President Enrique Peña Nieto needs the elections to go on as scheduled in order to maintain the charade that Mexico is a functioning democracy rather than what it really is, an autocratic narcostate on the verge of collapse. He needs the “legitimation” that a good electoral show can put on. Unfortunately, some wayward characters have decided to deviate from the script. Among those is the Sección 22, Oaxaca’s Chapter of the National Teacher’s Union. In recent days, members of the union have occupied the local gas distribution plant, causing gasoline shortages and gas station closures, have occupied the state’s 12 district election offices (3 of which have now been “liberated”), and have blocked the highway between Oaxaca and Mexico City, requiring the troops to land by plane.

INE ejercito

Critics have pointed out that the teacher’s union is acting out of self-interest, pressuring the federal government to drop an evaluation process for hiring, promoting and awarding tenure to teachers, one which the government announced last Friday that it will suspend. Although the criticism is undoubtedly true, the fact that a union – or any organization of any kind – is acting out of self-interested motives is hardly a revelation. What is more surprising is how much Mexican citizens have been willing to put up with for so long, to wit:

  • It pays to be a congressperson. In 2015, a diputado, or representative in Mexico’s Congress, earns 1,264,536 pesos a year, after taxes.

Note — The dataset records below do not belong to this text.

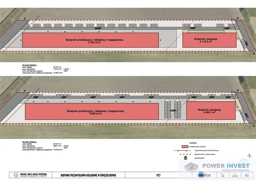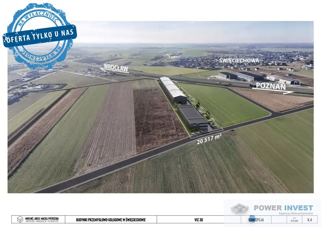 centrum logistyczne (np. obiekt last mile delivery),magazyny wysokiego składowania,park handlowo-usługowy,hala produkcyjna lub lekka produkcja,siedziba firmy z biurami i zapleczem magazynowym,centrum serwisowe / warsztatowe,park technologiczny dla mniejszych najemców.Dysponujemy dwoma wstępnymi wariantami koncepcji zabudowy opracowanymi dla tej działki, które prezentują potencjał inwestycyjny terenu. Duża powierzchnia działki oraz 70% dopuszczalnej zabudowy pozwalają na realizację obiektów o łącznej powierzchni użytkowej nawet ok. 12–14 tys. m² (zależnie od wybranej koncepcji i projektu). Szczegóły tych koncepcji oraz pełna dokumentacja planistyczna są dostępne dla zainteresowanych inwestorów.
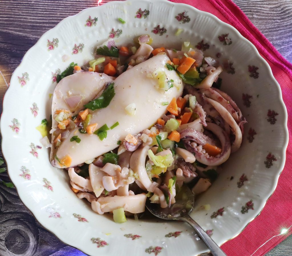 Here is my simple squid salad ready.
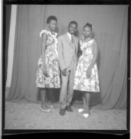 A man wearing a suit and tie standing in profile in between two girls wearing dresses and necklaces both standing, one face-forward and the other in profile in the studio.
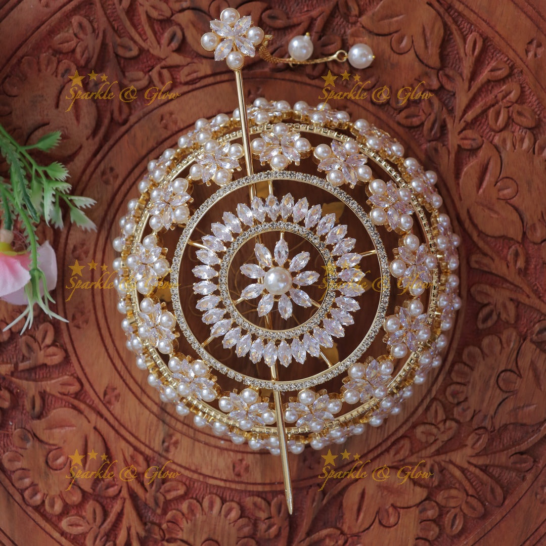 Immerse yourself in the elegance of our Exquisite Floral Bun Pin, a stunning piece crafted to enhance the beauty of any hairstyle. This premium Indian imitation jewellery item is designed with intricate floral motifs and adorned with shimmering faux pearls and stones, mimicking the opulence of nature’s finest blooms. Ideal for weddings, festive occasions, or any celebration that demands a touch of luxury.
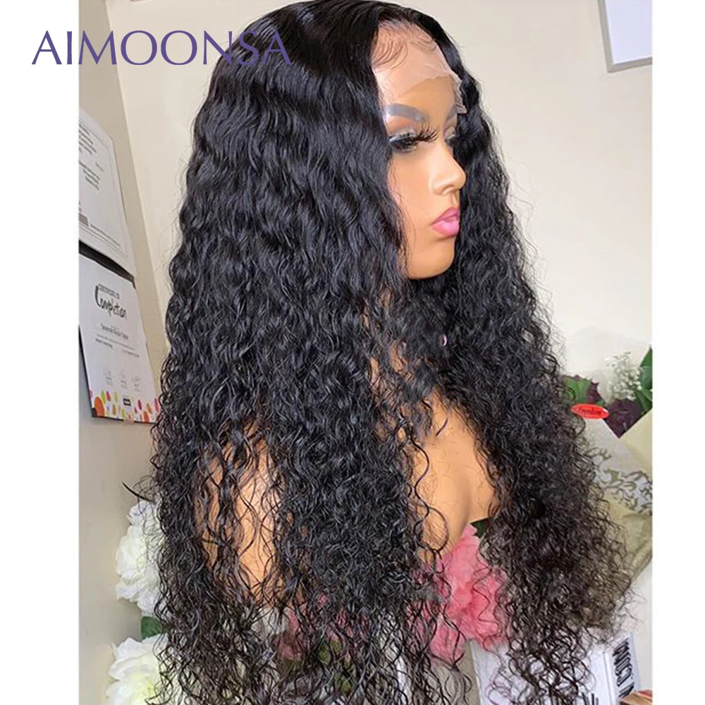 Прозрачные парики на шнурках 360, волнистые натуральные волосы, невидимые узлы для женщин, черные Человеческие волосы Remy Aimoonsa
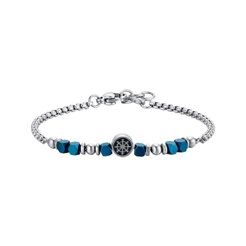 Bracciale Bimbo Luca Barra JB192 Bracciale bambino in acciaio con ematite blu e timone. Lunghezza: 14 + 2 cm. Il timone è un simbolo nautico che rappresenta il controllo e la guida. Indossare un bracciale con un timone può ricordare al bambino l’importanza di essere il capitano della propria vita, prendere decisioni sagge e seguire il proprio cuore nelle avventure e nelle sfide che la vita offre. Referenza: JB192 Articolo spedito con garanzia ed astuccio originale Luca Barra

This translates to 160,833 pesos (some $11,488 dollars) a month. Senators earn 2,729,099 pesos a year after taxes, some 262,337 pesos ($18,738 dollars) a month. These figures include the following benefits: four different kinds of insurance, a meal budget, savings fund, transport reimbursement, and a Christmas bonus worth 40 days of salary. The minimum wage in Mexico is between 68-70 pesos ($5 dollars) a day, or some $100 dollars a month. This is one of the lowest figures in the OCDE, and not enough to acquire a canasta básica of daily food intake.
  • In its issue #1969 of July 2014, Proceso newsmagazine reported a special bonus of $300 million pesos paid out to Congressional parties that voted in favor of a series of reforms, including the crown jewel, the Energy Reform Bill that privatized Mexico’s lucrative oil industry. For his part, Ricardo Monreal, head of the Movimiento Ciudadano party in the lower house, reported having received $15 million pesos in unsolicited funds. When he tried to return them to the treasury, he was denied.
  • The Mexican “partidocracy” will receive 5,356 million pesos in public financing this year. While the idea of public financing of campaigns is a good one in principle, parties in Mexico use this generous funding to maintain their stranglehold of the political process and lock other actors out. As there is no open primary process for selecting party candidates, party bosses tend to decide who receives the nominations, leading to a revolving-door rotation of many of the same names between the lower and upper houses. And although independent candidacies were finally allowed as of this year, would-be candidates are required to collect 1% of the nationwide voting roll to do so, some 780,000 signatures. This they are required to do in 120 days, with their own funds.

This not to mention the deep pit of disrepute into which the National Electoral Institute (INE) has fallen. The Institute has been responsible for two fraudulent presidential elections in a row, those of 2006 and 2012, and has proven typically negligent in policing the actions of the Green Party – a satellite of the ruling PRI party – in its multiple violations of electoral law this time around. Its head, Lorenzo Córdova, was recently recorded making disparaging comments about indigenous people. And, incidentally, the 11 councilors of the Electoral Institute take home a cool 182,212 pesos ($13,015 dollars) a month while the actual poll workers are lucky to get a sandwich and a coke.

But yes, the elections must go on. Unresolved killings across the country, the case of 43 missing students being covered up until it’s forgotten about, but the elections must go on.  I will vote tomorrow, but I understand the millions of people who will abstain or spoil their ballot. Not everyone has as high a tolerance for farce as a playwright.